OpenAI envisage des poursuites judiciaires contre Apple pour rupture de contrat, selon un employé de la startup au fait du dossier. Le litige porte sur l'accord d'intégration de ChatGPT conclu avec le fabricant de l'iPhone, annoncé il y a deux ans lors de la WWDC 2024. La source indique qu'OpenAI tente depuis plusieurs mois de renouer le dialogue avec Apple, mais se heurte à un manque manifeste d'engagement de la part du géant californien. La société préférerait éviter le tribunal, mais n'exclut pas cette option si Apple refuse de montrer une volonté réelle de coopérer. L'affaire est significative car elle fragilise l'un des partenariats les plus médiatisés de l'ère ChatGPT. L'intégration de ChatGPT dans Apple Intelligence devait permettre aux utilisateurs d'iPhone, d'iPad et de Mac d'accéder au modèle d'OpenAI directement via Siri pour les requêtes complexes, touchant potentiellement des centaines de millions d'appareils dans le monde. Un conflit juridique entre ces deux acteurs pourrait compromettre cette intégration et forcer Apple à trouver une alternative, tout en envoyant un signal d'alarme aux autres entreprises technologiques qui cherchent à s'allier avec Cupertino. Ce n'est pas la première fois qu'Apple se retrouve en position d'accusé dans un conflit avec un partenaire de haut rang, mais il est rare qu'une entreprise aussi visible rende publiques ses menaces juridiques avant même de déposer une plainte. Apple est historiquement connu pour ses pratiques commerciales strictes et ses conditions d'accès à l'écosystème iOS, ce qui a déjà alimenté des tensions avec des développeurs et des régulateurs. Pour OpenAI, dont le modèle économique repose en partie sur la distribution via des plateformes tierces, perdre ou dégrader ce canal d'accès à des milliards d'utilisateurs Apple représenterait un revers stratégique non négligeable, alors que la concurrence avec Google, Meta et Anthropic s'intensifie.
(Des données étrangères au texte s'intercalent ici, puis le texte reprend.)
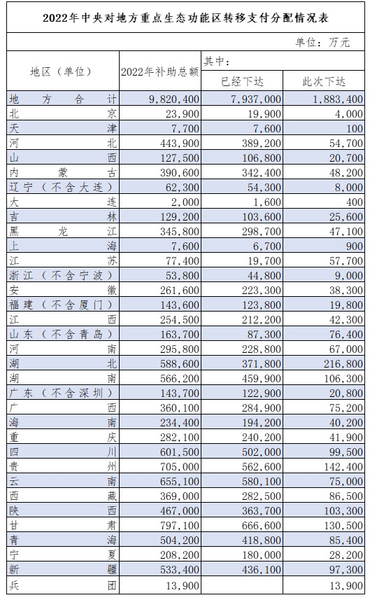 據(jù)財(cái)政部網(wǎng)站消息,為推進(jìn)生態(tài)文明建設(shè),引導(dǎo)地方政府加強(qiáng)生態(tài)環(huán)境保護(hù),提高生態(tài)功能重要地區(qū)基本公共服務(wù)保障能力,近日,財(cái)政部下達(dá)2022年重點(diǎn)生態(tài)功能區(qū)轉(zhuǎn)移支付預(yù)算188.34億元,加上此前已下達(dá)部分,已累計(jì)下達(dá)預(yù)算982.04億元。 原標(biāo)題:財(cái)政部下達(dá)資金188.34億元 引導(dǎo)地方政府加強(qiáng)生態(tài)環(huán)境保...

UEDes centaines de millions d'utilisateurs européens risquent de perdre l'accès natif à un assistant IA génératif sur leurs smartphones, illustrant la dépendance du marché européen aux décisions stratégiques des plateformes technologiques américaines.

💬 Apple qui laisse mourir un accord signé en grande pompe il y a deux ans, c'est du classique Cupertino. Ce qui change, c'est qu'OpenAI joue la menace publique avant même de déposer plainte, signe qu'il ne reste plus grand-chose à négocier en coulisses. Perdre ce canal vers des milliards d'iPhones au moment où Google et Meta accélèrent, ça va laisser des traces.